Sort of. Until they trade too much too fast.

Pattern day trader https://en.wikipedia.org/wiki/Pattern_day_trader


I agree. How can joe average compete with the resources of hedge funds which are doing the same thing at a much lower latency using more sophisticated mathematical methods, at a higher volume (so lower relative fees).

I am sure the idea is well intentioned but really it is just suckering people out of money in a similar way to forex robots etc.


It's not about outperforming those hedge funds, I think that is out of scope. They're not competing.

It's that average people (or anyone) can't time the market etc. so nevermind any advantages a quant firm might have, the rules that average person sets up with their IFTTT will be horrifically unwise.


That too!


I was thinking the same thing.
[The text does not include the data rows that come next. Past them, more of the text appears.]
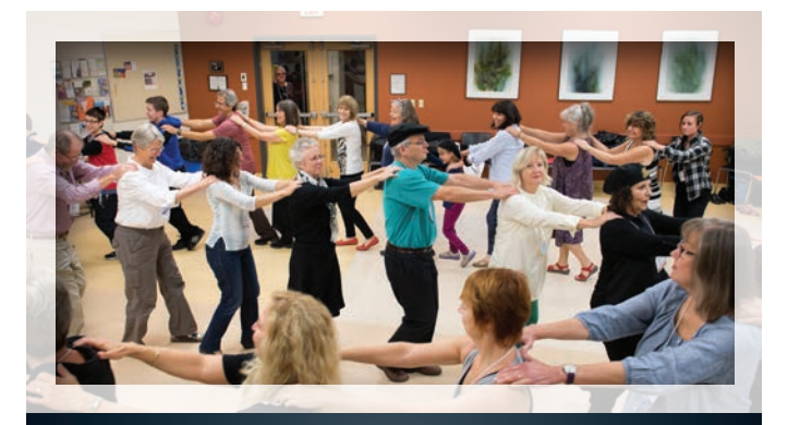
KlezFest attendees practise traditional European Jewish dances.

Since 1995, the JFM's Special Grants initiative has been making Jewish life in Winnipeg more, well, special.
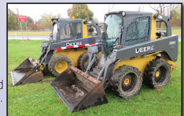
JD 320D AND 318D
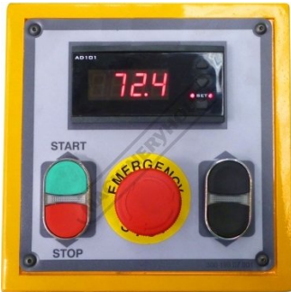
Controller Top View New

Traders already play games with amature's stop-loss orders, etc... This just looks like a tool that unsavy investors will get themselves taken to the cleaners by professional traders.
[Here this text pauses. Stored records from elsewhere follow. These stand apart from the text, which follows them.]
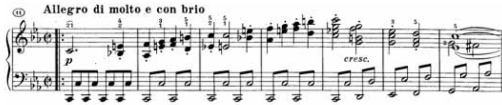
Ex. 63: Beethoven, Sonata in C minor, Op. 13, Pathétique , 1st movement, bars 11–17

Following Czerny's instructions for the final eight bars of the exposition, I used the pedal to create a full, sonorous tone (see Ex. 64, bars 126–132).
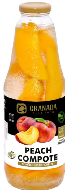
■ Peach Compote 6x1000ml (AG011)
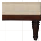
2 Turned Leg

> Traders already play games with amature's stop-loss orders, etc...

Can you elaborate?


There are many people who trade the market based on charts. Because the charts are well known, traders know what the sell signal is for a specific security. So, they will sell that security below the trigger so that all the suckers ... um ... people using IFTTT for the stock market will automatically sell the security. This will tank the stock presenting the pro trade with a buying opportunity.


I agree. I tell people all the time to not trade - they can't compete against computers.
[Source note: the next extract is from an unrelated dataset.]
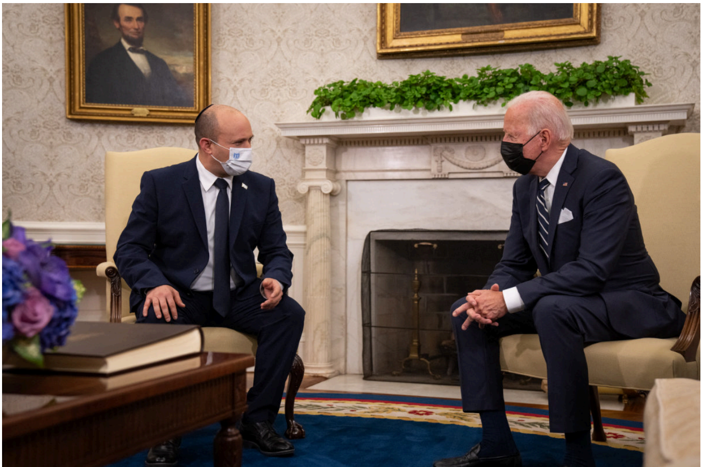
US President Joe Biden meets with Israeli Prime Minister Naftali Bennett at the White House on August 27, 2021 in Washington, DC, during talks focused on

Where this line is drawn remains a point of contention between Biden and Bennett’s national security teams. Failure to reach a common position could result in unilateral Israeli action against Iran’s nuclear infrastructure. And, yet, the rift seems wider than ever.

It would help to further inform people of the advantages you maintain over regular folk.

How many signals do you track?

Are you using neural-nets?

What kind of computing power does your system use?

What's the latency of your connection?

etc..


I've actually made a couple of small killings in the last few years. I had one bomb (lost 20%) and even though I'm still up really well, I'm moving everything to index funds because that one loss eats at me.


How well did your quantitative hedge fund performed in 2008?


2008? who cares about 2008? i wanna know how they did in 2007.